Das Alpineum in Luzern verliert einen stillen, aber prägenden Mäzen. Daniel Hodel, ein zurückhaltender Luzerner Unternehmer, ist vor rund einem Monat gestorben. Trotz seiner Abneigung gegen das Rampenlicht hat er entscheidend zur Entwicklung dieses besonderen Ortes beigetragen, der sowohl Museum als auch Gastrobetrieb umfasst. Sein Vermächtnis und das seiner Familie leben in der Einrichtung weiter.
Das Alpineum, gelegen beim Löwendenkmal, ist einzigartig durch die Verbindung von Museum und Gastronomie.
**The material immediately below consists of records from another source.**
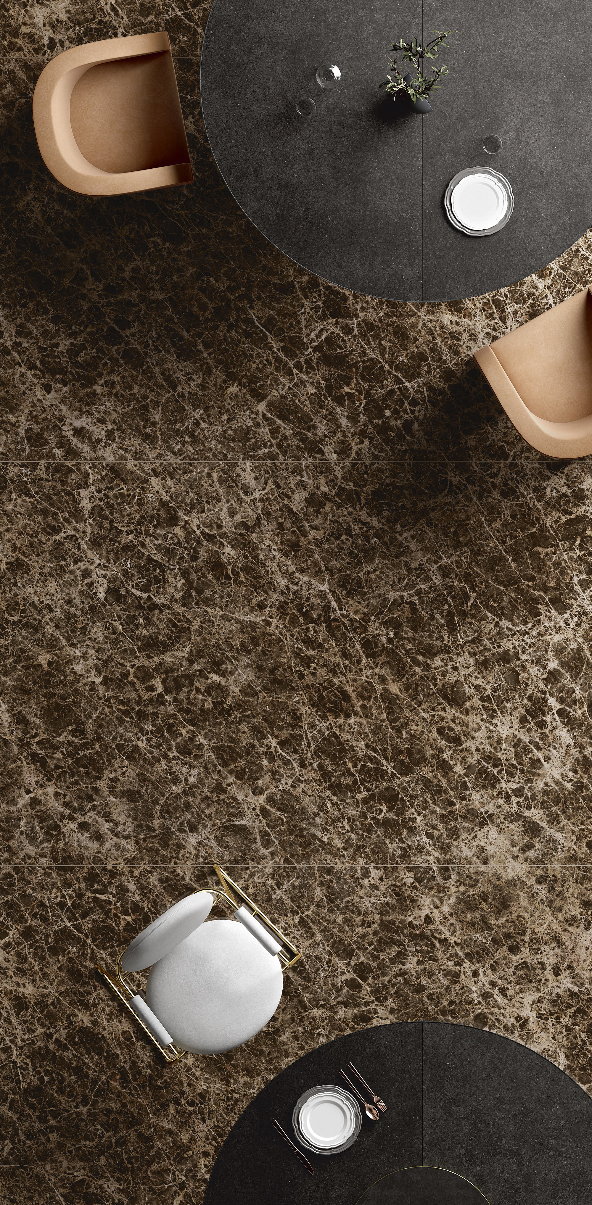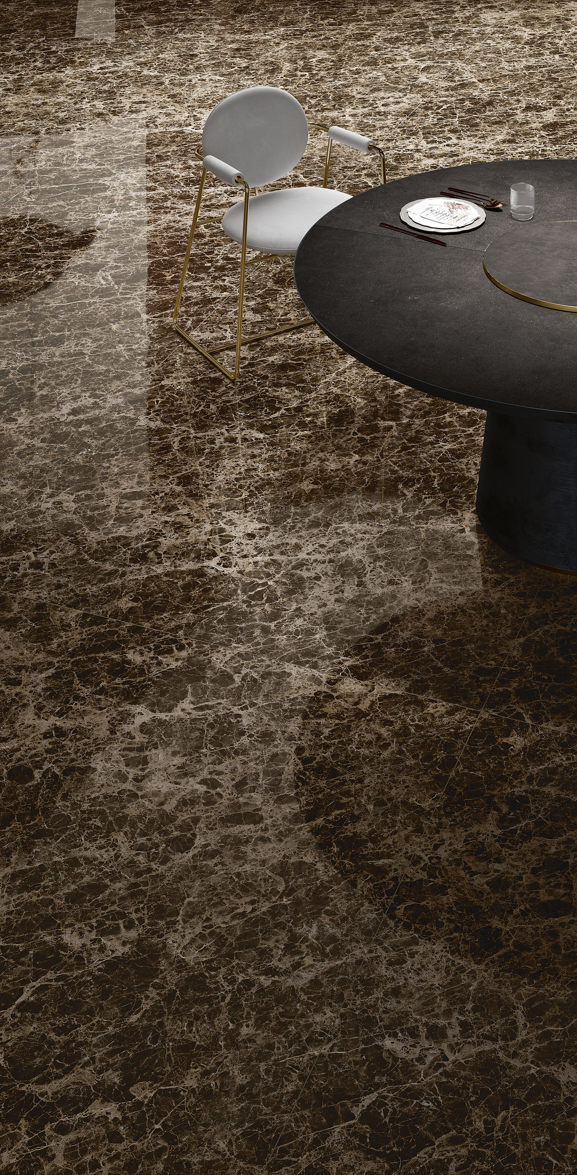 Deep Emperador is characterized by a stunning dark brown, almost black color, with warm hazelnut, cream, and caramel veins. Its golden shades and iridescent highlights make spaces elegant and exclusive. Deep Emperador is ideal for indoor floors and wall coverings, exterior facades, and refined, contemporary decorative furnishings.
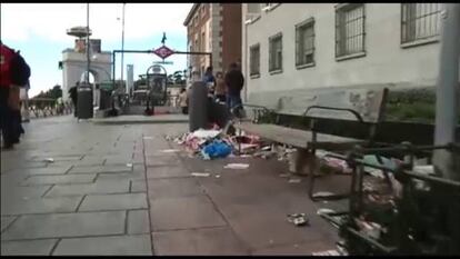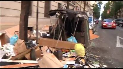 Como si de un país se tratase, los diferentes distritos de Madrid presentan cada uno sus hechos diferenciales en cuanto al aspecto que reflejan a causa de la huelga de limpieza viaria y de jardines. Hay vecinos que ponen el acento en la suciedad y los olores. Y otros, en los impuestos que pagan, que no se corresponden, dicen, con lo que ven cuando salen a la calle. Montañas de basura que, en algunas zonas, se suceden cada cinco metros y en otras se ocultan tras calles aledañas a las avenidas principales. Todos ellos, eso sí, repiten palabras como "vergonzoso", "desastre" o "impropio" de una ciudad que, gracias al cielo, tiene estos días el tiempo meteorológico de su parte: "Si lloviese esto sería una auténtica cloaca".
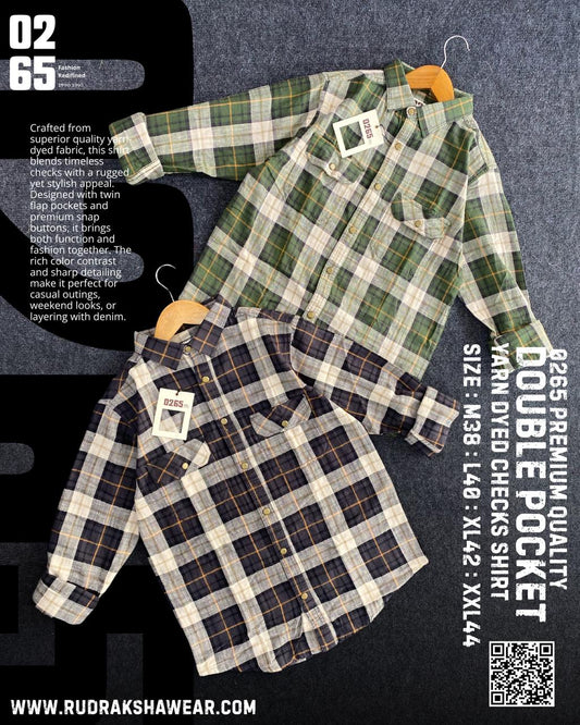 0265 Premium Double Pocket Shirt | 100% Cotton | Yarn Dyed Fabric | Backside Pleated | Ultra Soft Feel
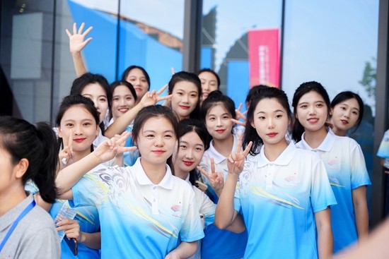 9月12日,杭州第19届亚运会火炬传递宁波站活动结束后,完成志愿服务的宁波职业技术学院“小青荷”合影留念。当天,宁波职业技术学院的341名“小青荷”和36名宁波市北仑区志愿者协会组织的社会志愿者一起参与了志愿服务。中青报·中青网记者蒋雨彤/文 杭州亚组委供图
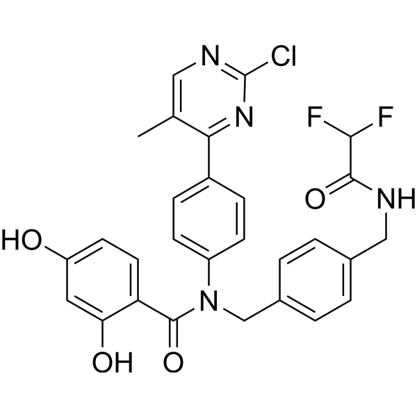 SMILES: | ClC1=NC=C(C)C(C2C=CC(=CC=2)N(C(C2C=CC(=CC=2O)O)=O)CC2C=CC(CNC(C(F)F)=O)=CC=2)=N1 |
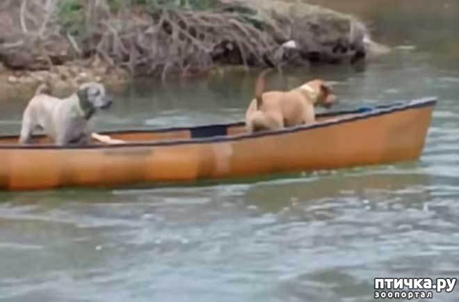 Две любопытные собаки на каноэ

Hodel hat über Jahrzehnte hinweg als Eigentümer und Museumsdirektor dieses Erbe fortgeführt. Die Geschichte des Ortes reicht bis in das späte 19. Jahrhundert zurück, als Europa eine neue Faszination für die Alpen entwickelte. Diese führte zur Entstehung von Panoramen und Dioramen, frühe Formen der virtuellen Unterhaltung.
Ursprünglich wurde das markante Gebäude im neoklassizistischen Stil als Museum des nahegelegenen Löwendenkmals erbaut. Ernst Hodel senior, ein Landschaftsmaler aus dem Bernischen, erwarb das Gebäude 1895 und gestaltete es zu einem Alpendiorama um. Zusammen mit seinem Sohn entwickelte er beeindruckende Landschaftsdarstellungen, die den Betrachtern das Gefühl gaben, in der Natur zu stehen.
Nach dem Tod von Ernst Hodel junior im Jahr 1902 geriet das Museum in Vergessenheit und schloss nach einigen Jahren. Daniel Hodel belebte es 1993 wieder als vierte Generation seiner Familie. Obwohl das Museum allein nicht wirtschaftlich tragfähig war, entwickelte er den Ort weiter zu einem Restaurant mit Bar und Eventlocation. Ende letzten Jahres öffnete er das Diorama schließlich regelmäßig für die Öffentlichkeit.
Nach Hodels Tod wird der Betrieb durch ein junges Team fortgeführt, das seit Jahren zum Erfolg des Alpineums beiträgt. Julia Furrer vom Gastroteam betont, dass es wichtig sei, das Museum als Teil des Erbes zu erhalten. Die neu gegründete “Daniel E. Hodel”-Stiftung soll künftig das Haus bewahren und den Gastrobetrieb unterstützen.
Das Alpineum bleibt ein historischer Ort mit einer tiefen familiären Verbindung und einem bedeutenden Beitrag zur Geschichte des Alpentourismus, den Daniel Hodel leidenschaftlich gepflegt hat.